Condor is a TV series brave enough to ask whether or not a 40-year-old Sydney Pollack/Robert Redford classic should be ten hours longer. Much like Westworld, the answer to that question is a resounding no, unless you’ve got some idea how to mix things up.
Like the film, Joe Turner (Max Irons), a mid-level CIA analyst, stumbles into the deepest reaches of dark operations, which results in all of his co-workers being killed. Not only is he on the run, but his boss, Bob Partridge (William Hurt), is convinced that someone in the CIA has to be responsible. With no one to trust, Turner is just trying to stay alive long enough to figure out what’s going on, because suddenly there isn’t much that seems to make sense.
The series spins several points on the film’s intro over the course of the first few episodes, setting the stage for a much more elaborate machination, while delivering the audience a more intense look at the lives of everyone involved. As this one kicks off, Turner has written a program that helps identify potential terrorists, and when that program picks up on someone who works at a major sports facility and has suddenly received a package at a P.O. box no one knew he had, Turner gets a temporary seat at the big boy table.

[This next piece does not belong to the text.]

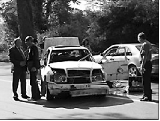
ფისი ისეთივე მღელვარე გამოდგა, როგორი მღელვარებაც მის მიერ საკადრო ნქმნდამ გამოიწვია.

როგორც ბანკში ამისხნეს, საუბარია 2 212 ლარზე. აქედან 2 008 ლარი არის ავგისტის დღე, რომელიც 15 სექტემბერს წარდგენილი დეკლარაციების შედეგად დამუქისრა, 129 ლარი ქონების გადასახადი და 76 ლარი რალაც არაკლასიფიცირებული დავალიანება. ამ ყველაფრის გადახდას ზღადავირებდა, მაგრამ დღეს უკვე ინკასო დაამ-

Though the overall plot remains similar, the progression of events has us paying a lot more attention to Turner’s life, including his friendship with another CIA operative, Sam Barber (Kristoffer Polaha). Once events begin to really get moving and the onion starts to peel away, the series dives into connections and relationships that aren’t part of a movie-length equation.

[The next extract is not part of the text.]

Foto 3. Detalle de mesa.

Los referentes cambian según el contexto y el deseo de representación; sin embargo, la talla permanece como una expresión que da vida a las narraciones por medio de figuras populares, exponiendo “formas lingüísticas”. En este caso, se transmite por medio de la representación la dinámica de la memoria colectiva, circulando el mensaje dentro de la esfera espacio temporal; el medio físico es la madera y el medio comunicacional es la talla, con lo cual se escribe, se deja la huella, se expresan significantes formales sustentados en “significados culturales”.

The series relies on Max Irons to deliver a character that couldn’t be more out of his element, and so far it delivers with few hiccups. The genre-defying beauty of the story is that Turner isn’t remotely prepared for life with a target on his back, and really has no training to see him through, but it’s a character that’s hard to sell. Irons, and a surprisingly solid script, give us not only someone just smart enough to fly by the seat of his pants, but someone so lost and desperate that the action becomes impossible to predict because he doesn’t have enough connection to events to even come up with ideas.
The show also gives things away pretty quickly, though I won’t spill anything here, and though that is somewhat in keeping with the original story, it seems to suggest there are a lot more secrets and lies in store with this telling. Events hinge upon strange stock market buys from shell corporations, but as soon as Turner voices a vague suspicion that these transactions seem suspicious the show lays it all out for us and reveals the dark side of several characters. There has to be more, but it is wonderfully unsettling for the series to just put things out there and let you play along as Turner and the rest of the CIA work without the information the show has given you.

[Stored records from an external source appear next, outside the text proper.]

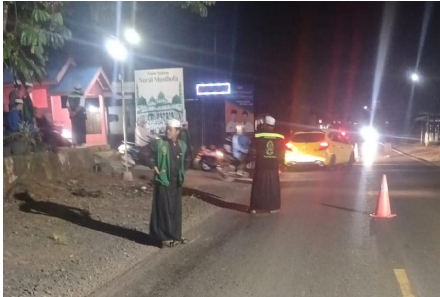
Gambar 4.6 Remaja Majelis Mengatur Arus Balik Jemaah

remaja majelis. Untuk kemudian secara resmi menjadi anggota remaja majelis setelah diberikan atribut remaja majelis. 11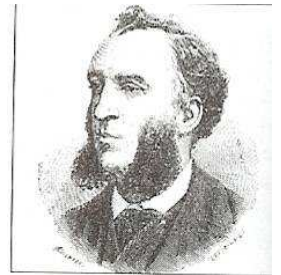
Jules Ferry (1832-1893)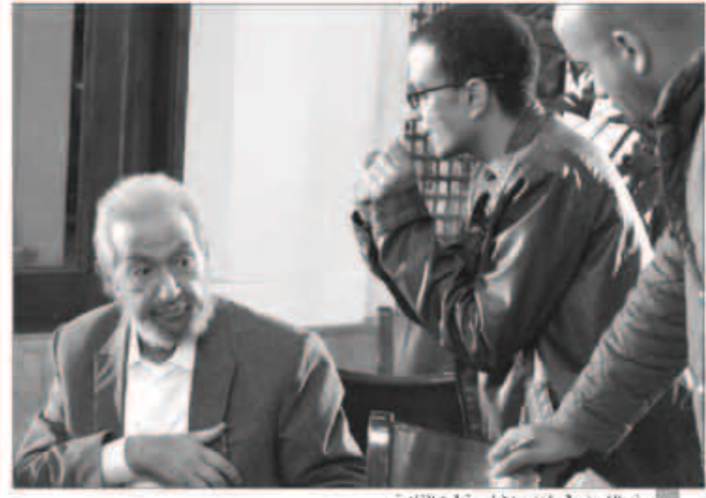
نور الشريف في مشهد من فيلم «بتوايت القاهرة».

ويتناول العمل الذي يخرج به إبراهيم البطوط، قصة الفط الذي يقوم بتطبيق زوجته ويترك عائته بعد اختفائه ليلته دون أن يعلم صبرها، ولكنه يحاول بعد ذلك البحث عنها بعدما علم بأن هناك عصابة تستهدف خلفه.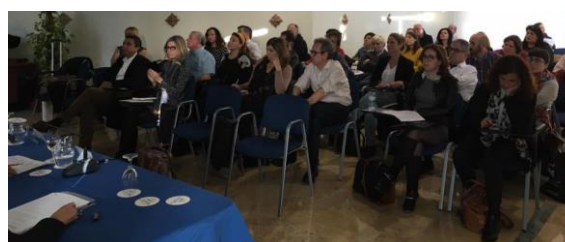
Foto de los participantes y asistentes en la Fundación Tres Culturas de Sevilla

Hurt’s Bob Partridge is so engaging you almost immediately hope for a prequel spin-off taking us through the past events of his life that he describes, and the supporting cast is, mostly, at least deft at keeping up the suspense. Brendan Fraser doesn’t get enough time to sell his abilities, though Bob Balaban has no trouble with his limited screen time. Meanwhile, Leem Lubany, as one of the assassins after Turner, overplays things, though it’s hard to tell if the part isn’t oddly cheesy by design, and Mira Sorvino is nothing short of unwatchable. Unfortunately, almost everything Sorvino does through the first few episodes is opposite Hurt, and this is akin to watching Daniel Day-Lewis read lines with a random passerby.
Sorvino aside, few series have managed to pull you into a crazed conspiracy, or this sort of tension generally, as fast. It’s a show that will hook you and as much for the dissection of the players in its weird web (not least Brendan Fraser’s schlub of a project coordinator) as for the unraveling story.